Total Recreation Vehicles
    254,198       315,054       (60,856 )     (19.3 )
Buses
    212,602       283,947       (71,345 )     (25.1 )
 
                         
Total
  $ 466,800     $ 599,001     $ (132,201 )     (22.1 )
 
                         
CONSOLIDATED
Consolidated net sales and consolidated gross profit for the three months ended October 31, 2010 increased $104,132 or 20.7% and $6,807 or 9.8%, respectively, compared to the three months ended October 31, 2009. Recently acquired Heartland accounted for $50,119 of the $104,132 increase in consolidated net sales. Consolidated gross profit was 12.6% of consolidated net sales for the three months ended October 31, 2010 compared to 13.9% of consolidated net sales for the three months ended October 31, 2009. This 1.3% decrease in gross profit percentage was driven primarily by increased discounting within the recreation vehicle segments in the current period, as dealer inventories have been restocked to appropriate levels, and as a result dealer and competitor pressures have necessitated greater discounting to secure sales. Selling, general and administrative expenses for the three months ended October 31, 2010 increased 29.1% compared to the three months ended October 31, 2009. Income before income taxes for the three months ended October 31, 2010 was $33,786 as compared to the three months ended October 31, 2009 of $37,253, a decrease of 9.3%. The specifics on changes in net sales, gross profit, selling, general and administrative expenses and income before income taxes are addressed in the segment reporting below.
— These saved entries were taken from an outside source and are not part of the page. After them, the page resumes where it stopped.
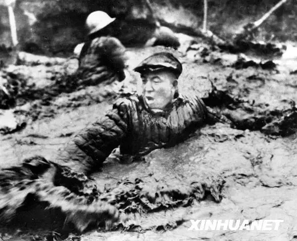 在大庆会战初期,“铁人”王进喜为了保住钻机,不顾左腿重伤跳进泥浆池,用身体搅拌泥浆,奋战3个多小时制服井喷(资料照片) 来源:新华社
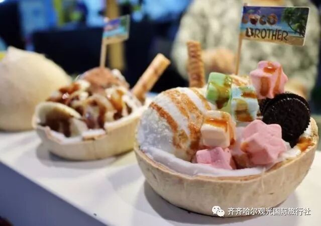 椰子冰淇淋通常是以天然的椰子壳作为容器,将入口即化的冰淇淋放入容器中,味道浓郁的椰子冰淇淋,配上炒过的脆花生或者是水煮的甜玉米,不仅提升了椰子冰淇淋的口感,而且还降低了它的甜腻。容器底部还有新鲜的椰子肉,椰肉蘸着冰淇淋吃,更加美味可口。
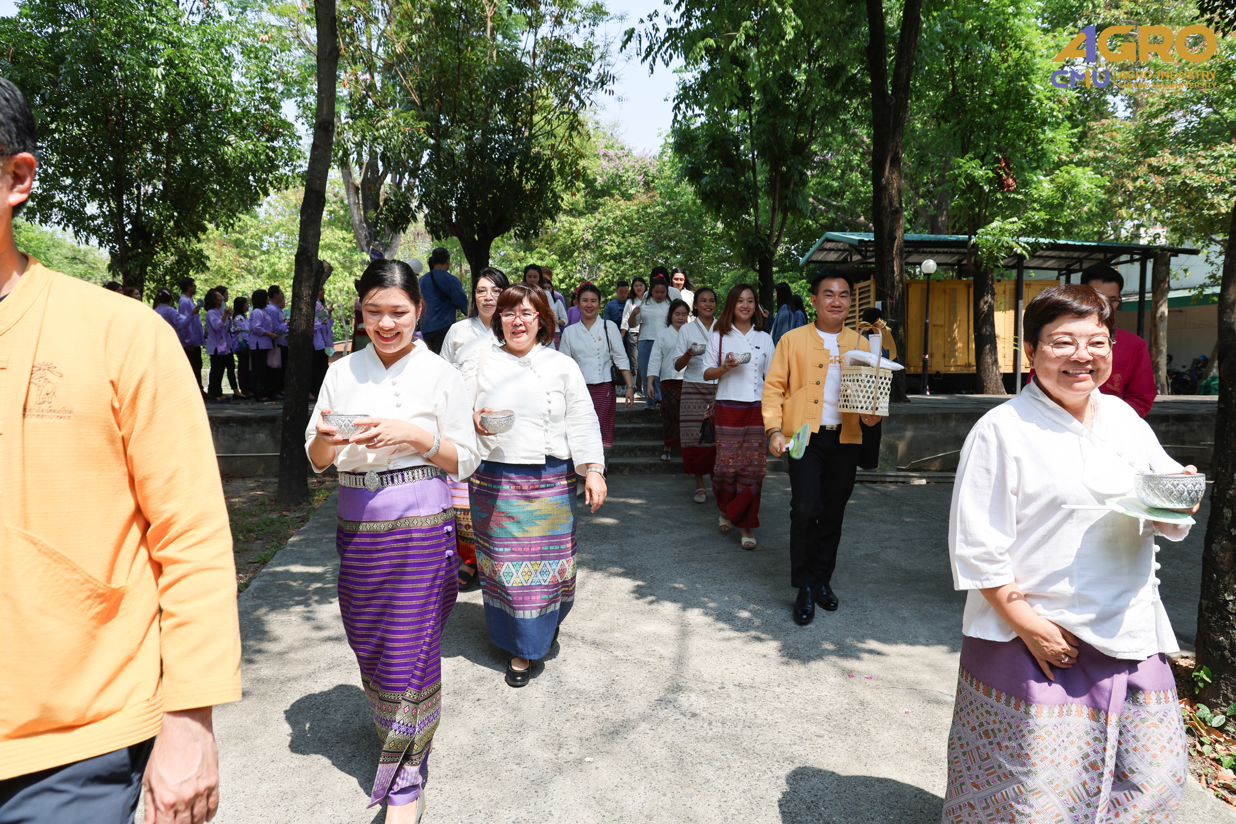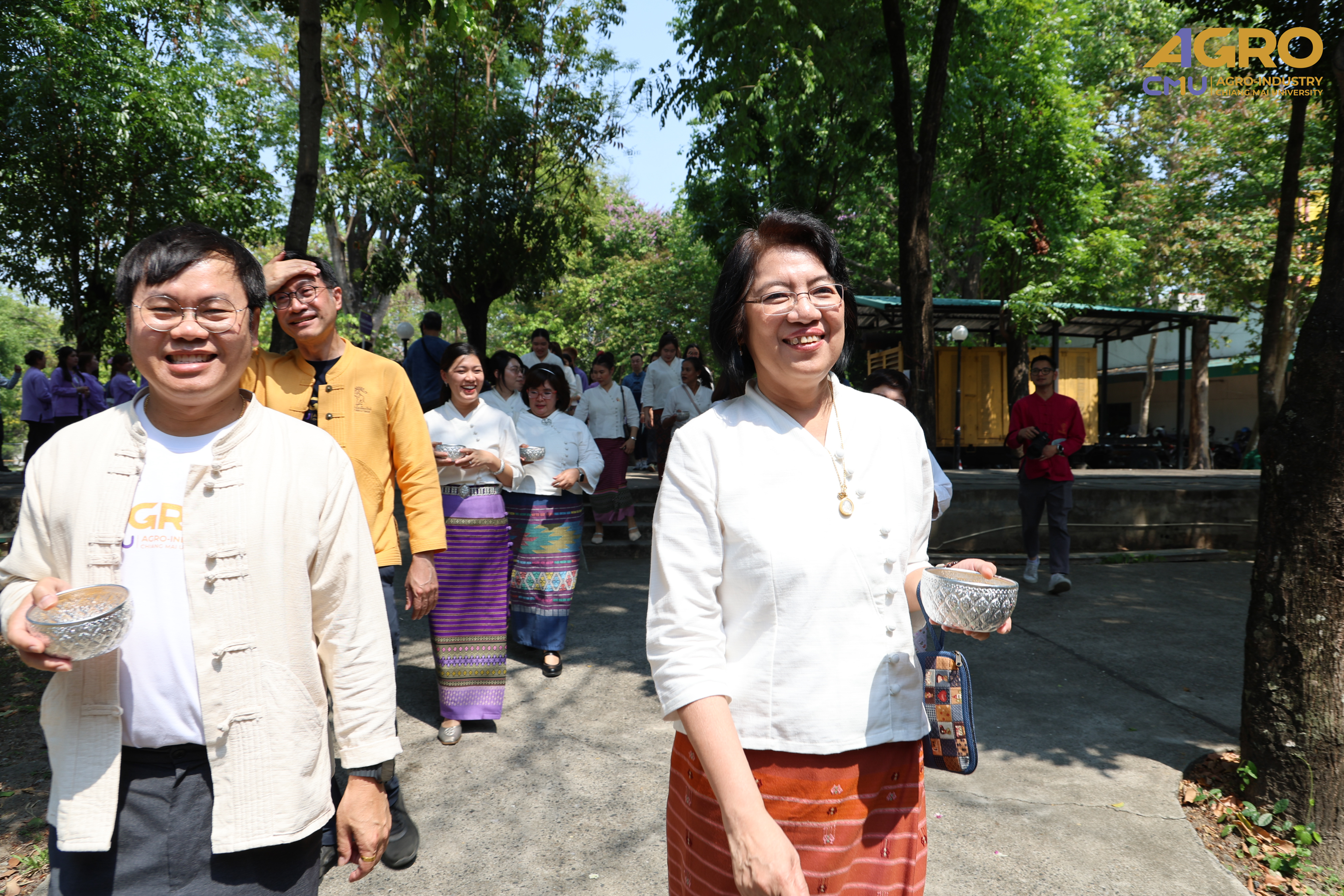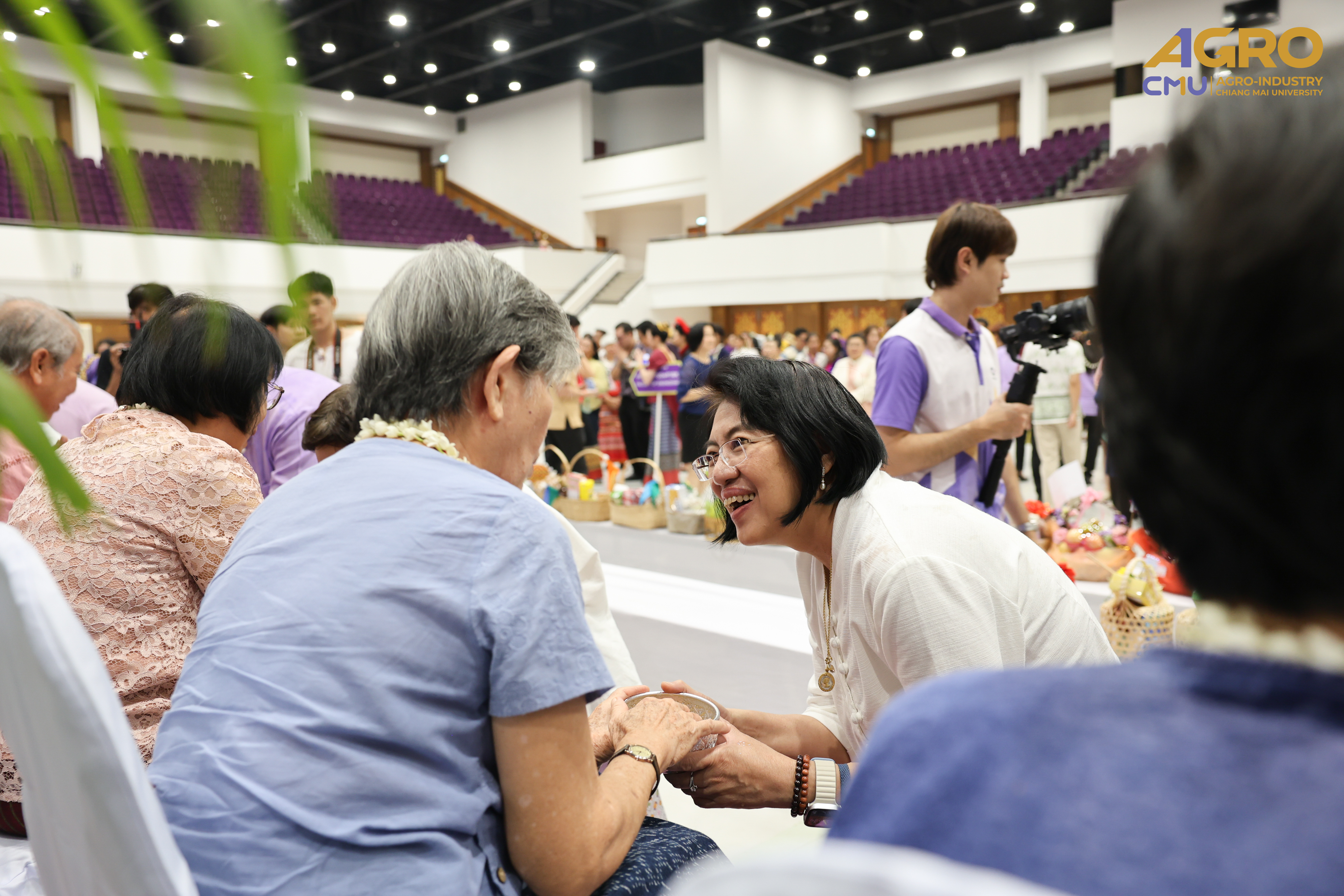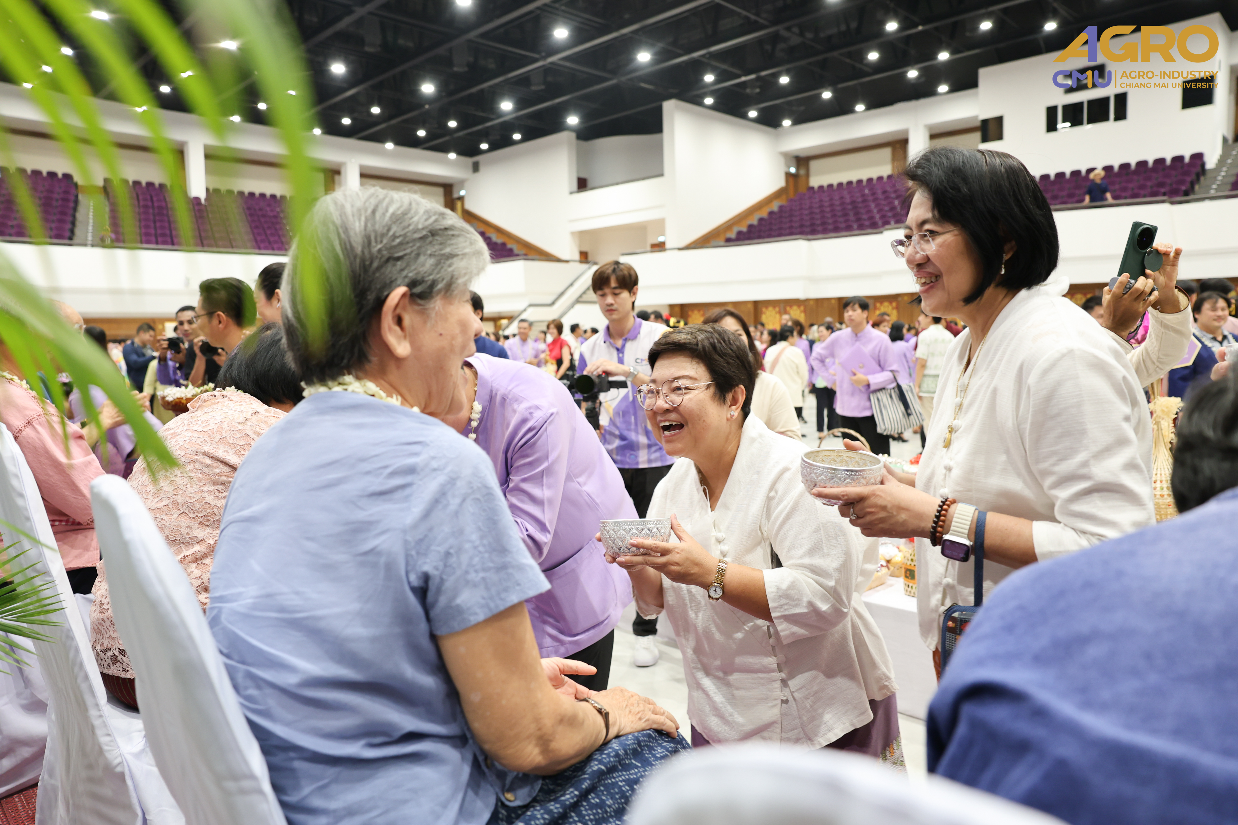 On April 25, 2025, Associate Professor Dr.Yuthana Phimolsiripol, Dean of the Faculty of Agro-Industry, along with the executives, faculty members, participated in “Rod Nam Dum Hua : the Water Pouring Ceremony of the University's President and Elders for the year 2025” , to pay respects to the senior members of the university and ask for blessings from the University's President and Elders for good fortune on the occasion of Songkran Festival which was held at CMU Convention Center, Chiang Mai University. The water blessing ceremony is a significant event in the university's continuous efforts to uphold and preserve Thai traditions, showing respect to elders, and fostering a sense of unity and gratitude within the community.

Corporate costs included in selling, general and administrative expenses increased $6,542 to $11,677 for the three months ended October 31, 2010 compared to $5,135 for the three months ended October 31, 2009. The increase is primarily attributable to legal and professional fees in connection with the Heartland acquisition and the on-going SEC review totaling $3,503. Additionally, salary and bonus costs increased $482, stock option compensation expense increased $647, deferred compensation plan expense increased $509 and group insurance expense increased $202. The remainder of the increase is primarily due to increased on-going professional fees.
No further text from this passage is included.